# Task description
Using the data that follows, output only the lines from the line with "Convite Dourada Floral" up to and including the line with "Completo 3 pezzi: maglioncino", exactly, leaving pictures aside.

# Supplied records
--

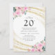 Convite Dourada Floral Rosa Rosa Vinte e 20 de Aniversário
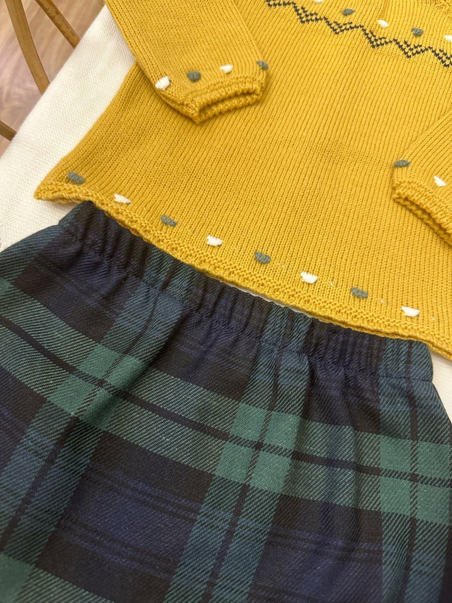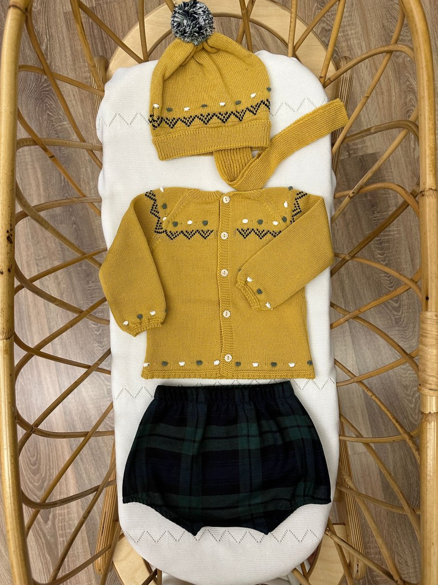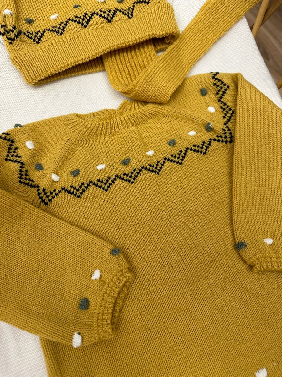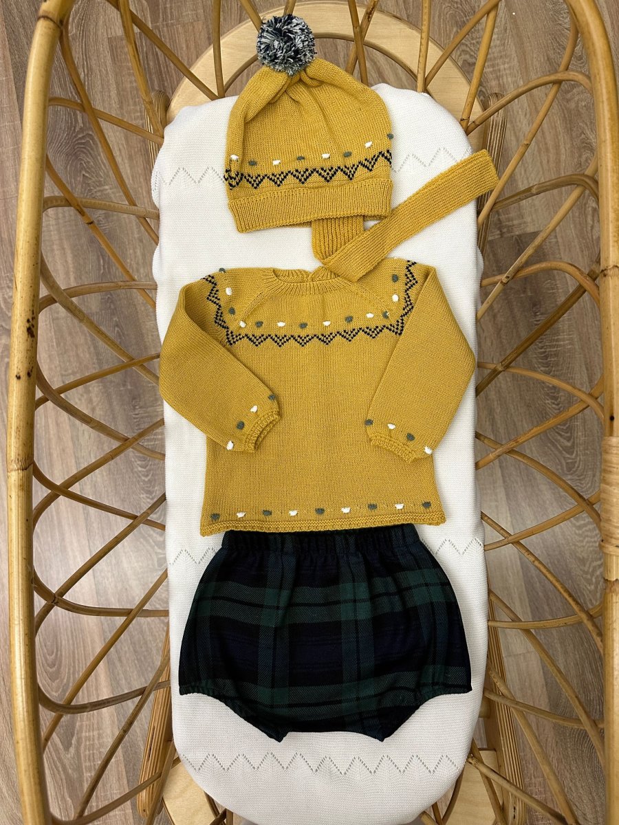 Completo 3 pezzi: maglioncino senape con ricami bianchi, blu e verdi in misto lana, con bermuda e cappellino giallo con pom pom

--

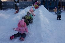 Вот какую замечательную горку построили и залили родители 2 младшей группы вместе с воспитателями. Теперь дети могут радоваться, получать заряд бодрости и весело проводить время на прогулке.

--

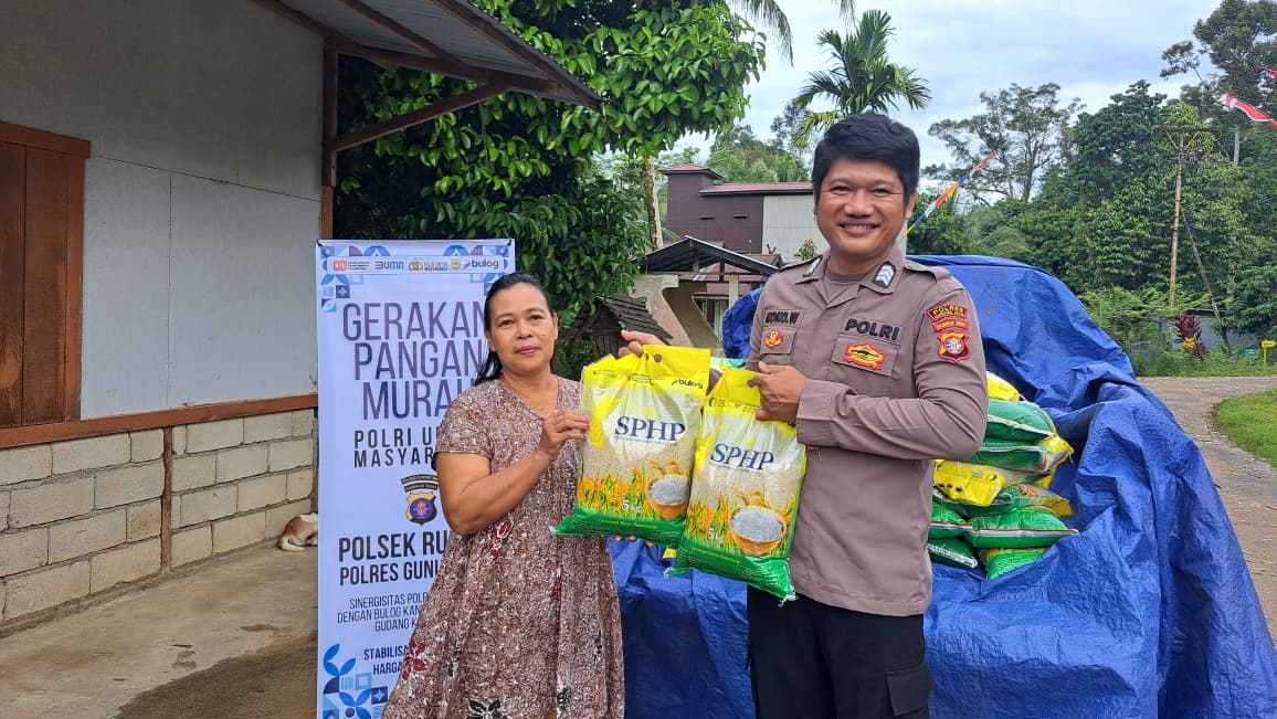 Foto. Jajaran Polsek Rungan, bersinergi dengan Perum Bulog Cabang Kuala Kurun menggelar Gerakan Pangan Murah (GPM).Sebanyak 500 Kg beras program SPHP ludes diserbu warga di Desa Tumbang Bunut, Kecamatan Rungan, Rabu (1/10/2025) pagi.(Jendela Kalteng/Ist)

--

# Task response
 Convite Dourada Floral Rosa Rosa Vinte e 20 de Aniversário
 Completo 3 pezzi: maglioncino senape con ricami bianchi, blu e verdi in misto lana, con bermuda e cappellino giallo con pom pom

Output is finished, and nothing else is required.